Design And Evaluation of Biodegradable Polymeric Carriers for Targeted Drug Delivery in Albino Rats

Abstract

Biodegradable polymeric carriers are a potential replacement for the targeted delivery of drugs because of their biocompatibility, controlled drug release, and capacity to diminish systemic toxicity. In this research, biodegradable polymeric nanoparticles, which were designed based on PLGA, chitosan, and PCL, were developed and assessed for the targeted delivery of a model drug in albino rats.
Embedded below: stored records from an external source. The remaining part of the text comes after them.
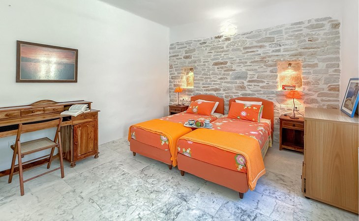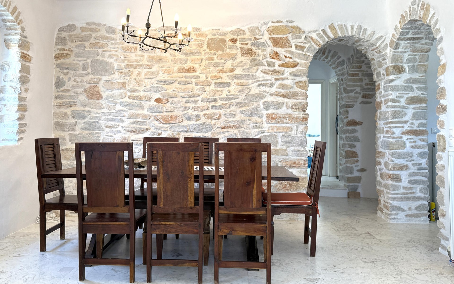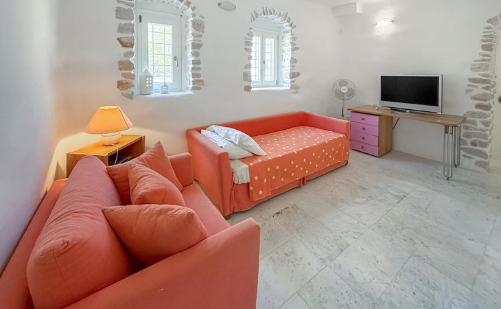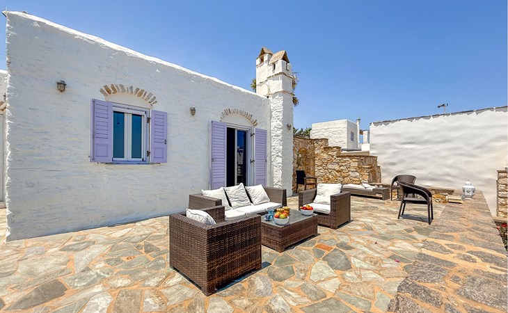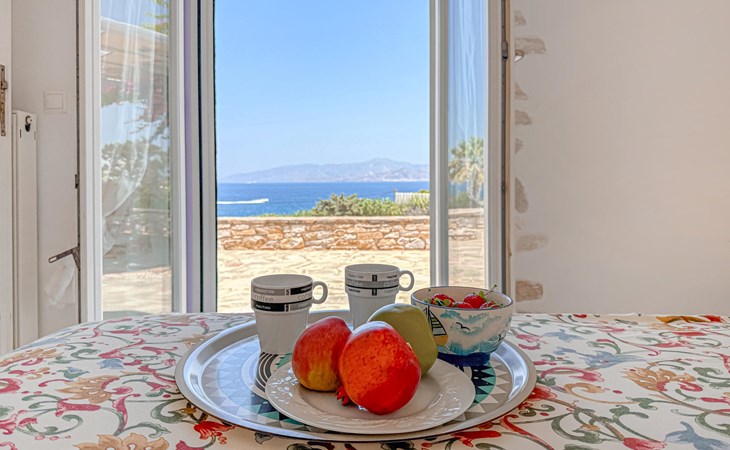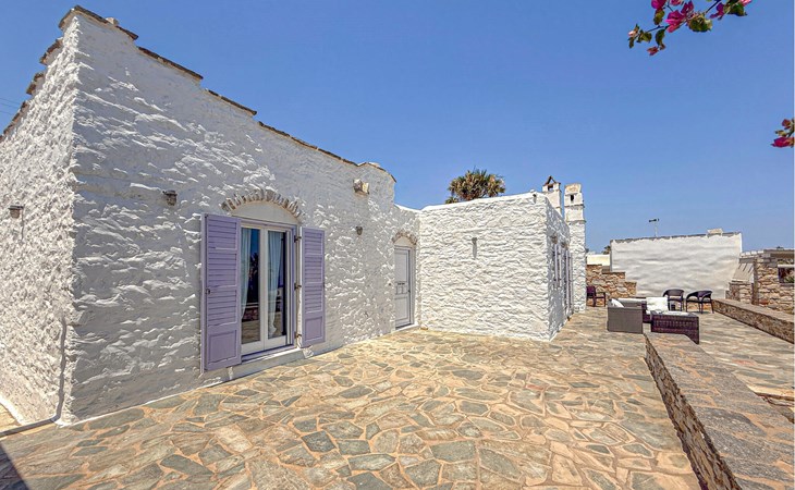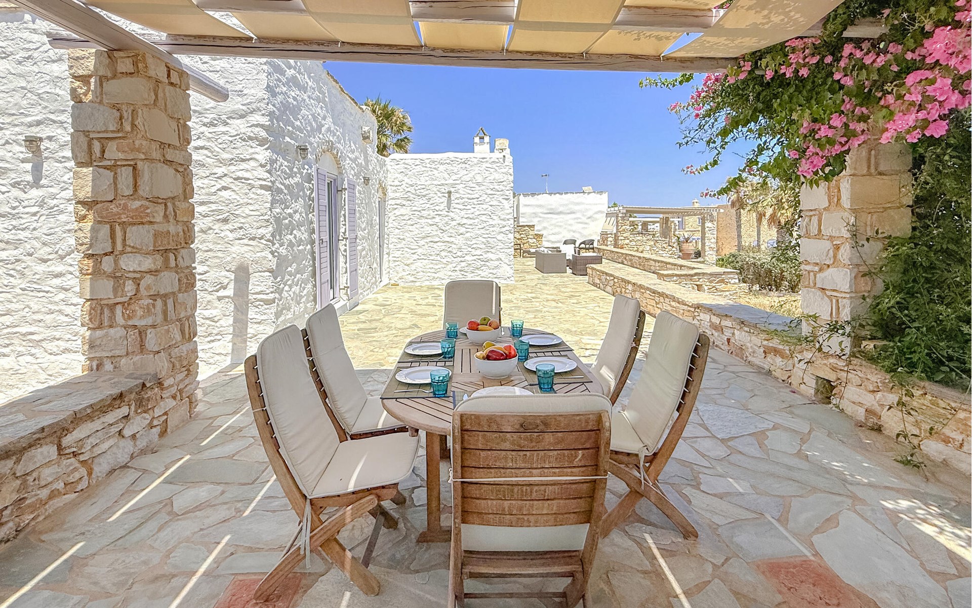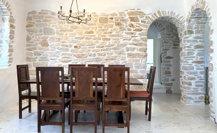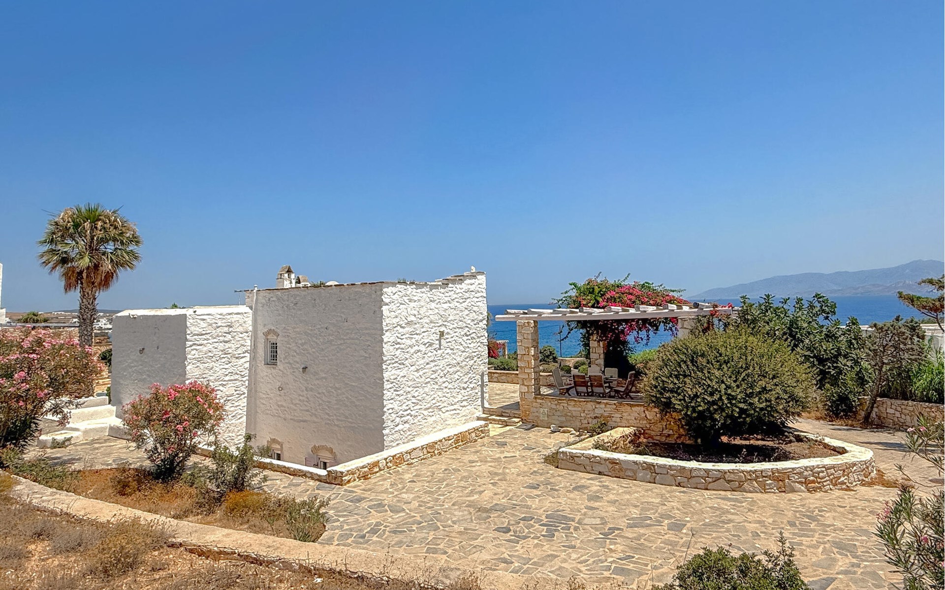 In de buitenruimte, versierd met bougainville, wachten charmante natuurstenen terrassen op je. Serveer je ontbijt in de schaduw en laat je blik afdwalen over de uitgestrekte zee. Maak het jezelf gemakkelijk op de ligstoelen en loungemeubels en klets tot in de warme zomeravond met een glas wijn.
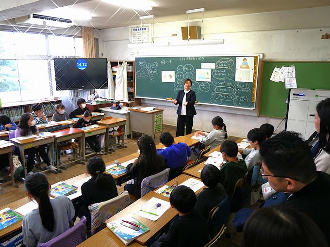 4年生は、総合的な学習の時間の取り組み「普段のくらしをしあわせに」で、今までに調べてきたことをタブレット上でまとめ、発表する場面でした。
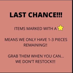 Any items you see listed with a ⭐️ means that there are only 1-3 pieces left of the style. We don't ever restock on previous styles so make sure to grab what you like while it's here!! :)
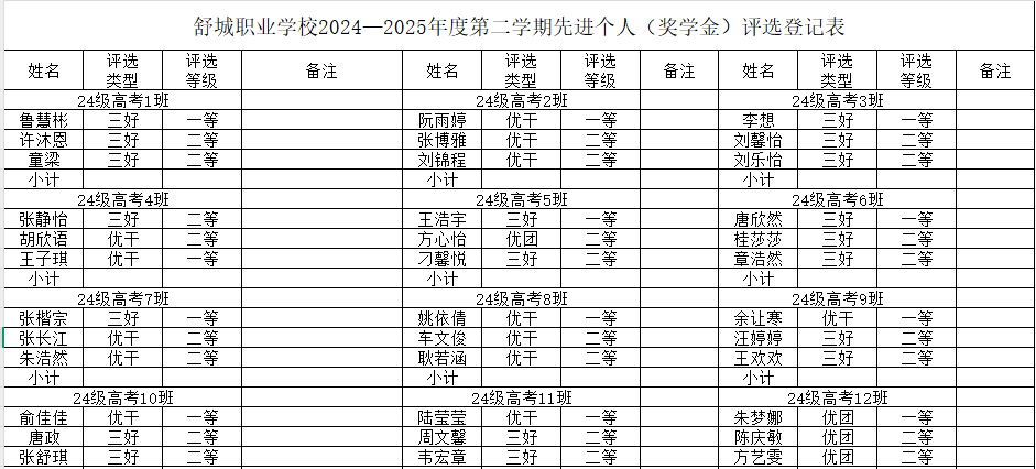 舒城职业学校学生评优评先

Thirty rats were adult and divided into three groups: one treated with free drug, one with the drug loaded in non-targeted carriers, and one with the drug incorporated into targeted polymeric carriers. The solvent evaporation method was utilized to prepare nanoparticles and functionalize them with folic acid for targeting tumors. Pharmacokinetic evaluation showed that the targeted carrier group had the highest C_max (12.5 μg/mL), half-life (7.4 h), and AUC (112.9 μg·h/mL) values, which reflect increased bioavailability and controlled release. Biodistribution analysis verified significantly increased drug accumulation in the tumor (9.4 μg/g) in the targeted group relative to others. Histopathological examination revealed minimal toxicity in the critical organs among the polymeric groups. Statistical testing with ANOVA confirmed significant differences (p < 0.05) in pharmacokinetic and biodistribution parameters among the groups. The results affirm that targeted biodegradable polymeric carriers represent a better option compared to conventional drug delivery in enhancing site-specific accumulation, therapeutic efficacy, and safety.